Aan de andere kant heeft de maïs ooit de Mexicaan gemaakt. En dat doet maïs tot op de dag van vandaag. Maar okay, laten we beginnen bij het begin hè. De grote pré-Spaanse beschavingen hebben hun bestaan volledig te danken aan de maïs. Als de maïs er niet was geweest, dan waren die beschavingen er ook niet geweest. Zonder maïs geen Maya’s en Azteken. En niet omdat ze niets te eten zouden hebben gehad, nee, het is de basis, de grondslag van hun samenleving. Door maïs te telen konden ze zich op één plaats vestigen en een stad stichten. Bovendien hadden ze veel vrije tijd, want om maïs te telen ben je nog geen 100 dagen per jaar bezig. De rest van de tijd konden ze zich bezighouden met cultuur: kalenders maken, complexe rituelen houden, boeken schrijven en lekker tegen elkaar vechten.

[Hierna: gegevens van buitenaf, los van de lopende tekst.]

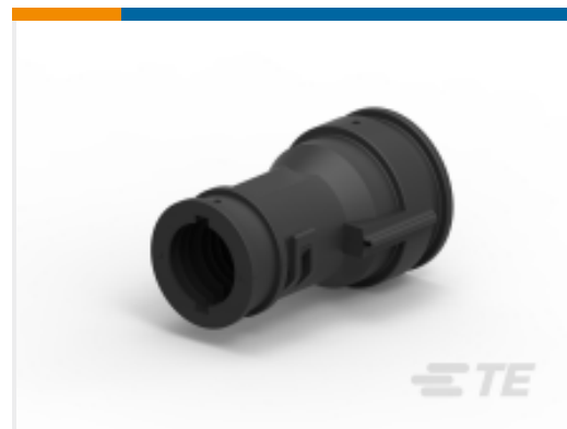
TE 产品编号2428-016-1805 BKSHL, 18SZ, BLK, ST,NW13/17/19, L017,HDP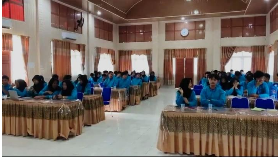
Gambar 3. Dokumentasi Peserta Kegiatan

yang mengetahui tentang aksara ulu namun kurang dalam penulisannya. Oleh karena itu perlu adanya pelatihan penulisan aksara ulu lebih lanjut, hal ini meliputi bagaimana cara menulis, bagaimana tanda baca dan yang paling penting adalah lebih mengenal dan memahami huruf aksara ulu.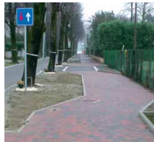
Pista ciclabile di via Stradon

La pista ciclabile lungo via Desman, strada provinciale n. 10, dal Km 0+000 al Km 2+425, il percorso è molto atteso dalla comunità in quanto mette in sicurezza la mobilità debole, come ciclisti e pedoni, in una delle provinciali più trafficate e più pericolose del territorio, già teatro negli anni scorsi di incidenti molto gravi.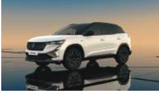
arctic white with diamond black roof*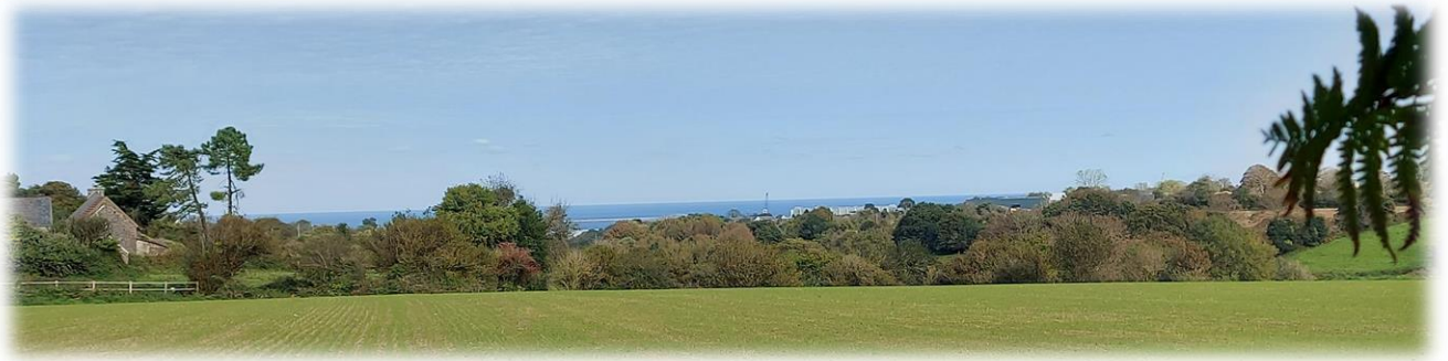
Après une petite grimpe nous sommes à 67 mètres d'altitude, vue panoramique sur la rade de Cherbourg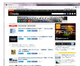
「ITmedia」(PC版及びモバイル版)での、 取材に基づく事業紹介等の企画記事掲載

今回の協業においては、1 日の輸送人員が約 45 万人(※)に及ぶ東海道新幹線の主要駅のデジタルサイネージを接点として、東海道新幹線を利用するビジネスパーソンをターゲットに当社オンラインメディア上の記事体広告へ O2O 誘導を図り、自社の認知度に課題を抱える B2B 企業のブランドリフトを実現する広告商品を提案します。東海エリアには、トヨタ自動車株式会社をはじめ、非常に有力なものづくり企業が数多く存在しており、両社は共同で同エリアからの顧客獲得を目指します。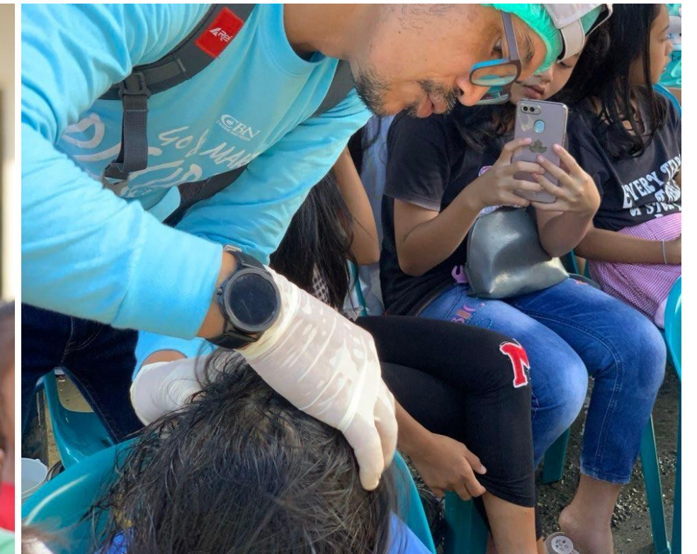
Pemberian Obat Kutu Rambut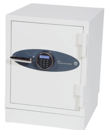
Fire Fighter FS0431E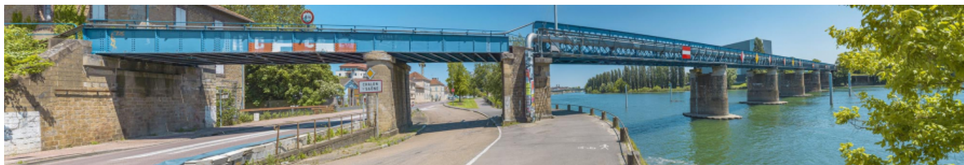
Le viaduc des Dombes : vu d'aval, rive droite.

71, Chalon-sur-Saône, lieudit : PK 140,6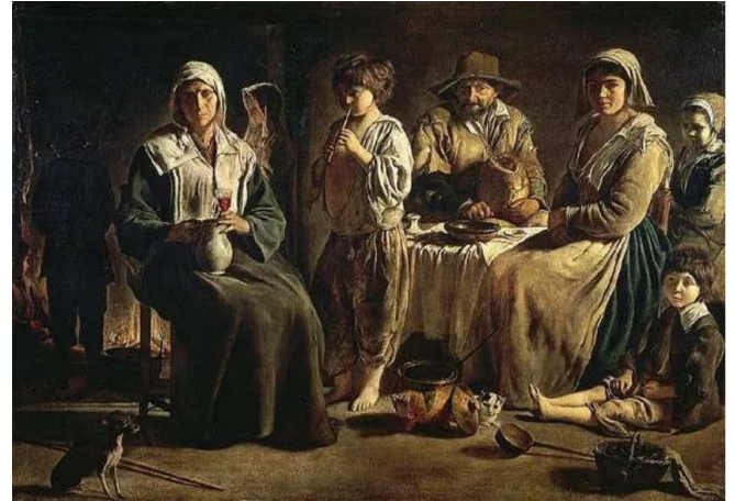
Famille de paysans dans un intérieur (1642) - Louis Le Nain

Les nobles et grands bourgeois s'inspirent de l'architecture Renaissance et veulent montrer leur richesse. Leurs grandes maisons font penser aux constructions antiques (colonne, symétrie...), et disposent de larges fenêtres. À l'intérieur, le mobilier est plus diversifié, mais il n'y a pas encore vraiment de confort.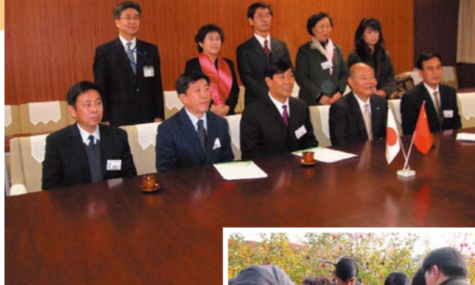
県庁訪問の代表団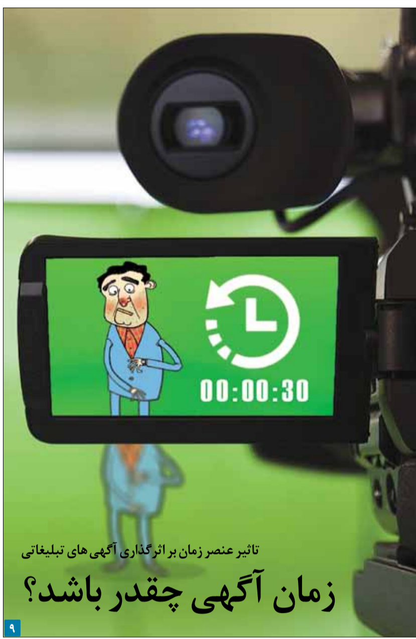
تاثیر عنصر زمان بر اثرگذاری آگهی‌های تبلیغاتی

پس از اظهارات وزیر بهداشت، نمایندگان مجلس با ۲۵ رأی موافق، ۱۵۶ رأی مخالف و ۱۱ رأی ممتنع از مجموع ۲۱۶ نماینده حاضر با حذف ماده ۴۷ مخالفت کردند.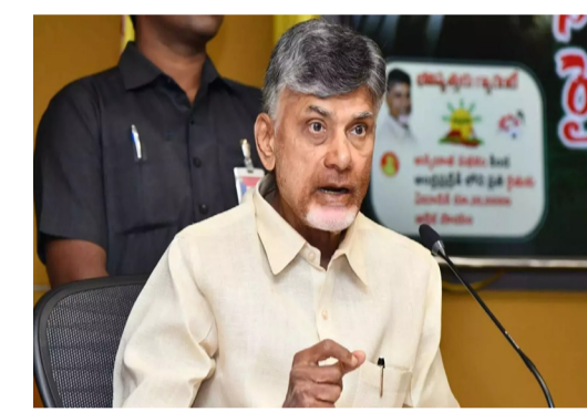
నిర్వహించారు. క్రమోద్ధారణ, (ఫెసిలిటీ ఎలక్ట్రానిక్స్ వంటి రంగాల్లో స్వదేశీ ఉపకరణాల తయారీకి ఈ కేంద్రం ఊతమివ్వనుంది. గ్లోబల్ హాజ్ గా క్యాంటం వ్యాప్తి

మూడు దశాబ్దాల క్రితం బడి విప్లవంతో రాష్ట్రాన్ని ప్రగతి పథంలో నడిపిన చంద్రబాబు, ఇప్పుడు క్యాంటం టెక్నాలజీతో ఏపీ భవిష్యత్తుకు బలమైన పునాదులు వేస్తున్నారు. హార్ట్ నెట్ తయారీకి కేంద్రంగా అమరావతి కేవలం సాఫ్ట్ వేర్ అభివృద్ధిలోనే పరిమితం కాకుండా క్యాంటం కంప్యూటర్ హార్డ్ వేర్ తయారీలోనూ స్వయం సంపూర్ణ సాధించాలన్నది ముఖ్యమంత్రి చంద్రబాబు లక్ష్యం. ఈ ఆశయ సాధనలో భాగంగానే అమరావతిలో ఈ టెక్నోని ఫెసిలిటీలను ఏర్పాటు చేశారు. మొత్తం 273 డిగ్రీలు సెల్యూయస్ అత్యంత శీతల ఉష్ణోగ్రత వద్ద పనిచేసే ఈ కేంద్రాల్లో, క్యాంటం కంప్యూటర్లకు అవసరమైన పరికరాలను పరీక్షించి, సర్టిఫికేషన్ ఇస్తారు. ఇటీవలే 30కి పైగా క్యాంటం హార్డ్ వేర్ తయారీ సంస్థలతో సీఎం సమావేశమై, అమరావతిని దేశ క్యాంటం హార్డ్ వేర్ నెట్ వర్క్కు యాంకర్ నోడ్ గా తీర్చిదిద్దాలని

Tot op de dag van vandaag is maïs essentieel voor de Mexicanen. Het is nog altijd het hoofdbestanddeel van de dagelijkse Mexicaanse maaltijd. Meestal in de vorm van een tortilla. Tja, zowel op het land als in de steden in Mexico worden er dagelijks miljoenen tortilla’s naar binnen gewerkt. En laten we beginnen bij de kolf: eerst ontgranen. Nadat de graankorrels geweekt zijn in lauw water met wat gebluste kalk, worden de korrels gemalen. Je krijgt dan deeg of “masa” zoals de Mexicanen zeggen. En van dat deeg maak je kleine pannenkoeken.
In de dorpen doen ze dat met de hand.
En in de straten met een handige pers.
En in de Tortillaria’s met een handige machine.
En nou bakken! En de tortilla’s: “listo!” oftewel: “eten!”.
Zo krijg je tortilla’s in allerlei kleuren en maten, en natuurlijk zijn die van het platteland lekkerder dan die in de stad.
Maar de Mexicaan haalt meer uit maïs dan tortilla’s alleen. Van de maïsplant gaat niets verloren. Ze gebruiken er alles van, van de maïsbaard tot de wortel. Dieren worden er bijvoorbeeld mee gevoed en mensen genezen. Er wordt zelfs zeep van gemaakt! Wat het eten betreft zijn er al 600 manieren om maïs te eten. Bijvoorbeeld “Elote”: gekookte maïskolven met room en kaas. En dit zijn gordita’s: maïsmeel gevuld met vlees. Een andere variant is esquilles: maïs in een potje met room, kaas, chilipoeder en limoen.
En hier: Quesadillas; taco’s, maar dan met kaas ertussen. Tja, ze eten zelfs de schimmel die op de maïs groeit. “Huitlacoche”, een echte delicatesse is dat in Mexico.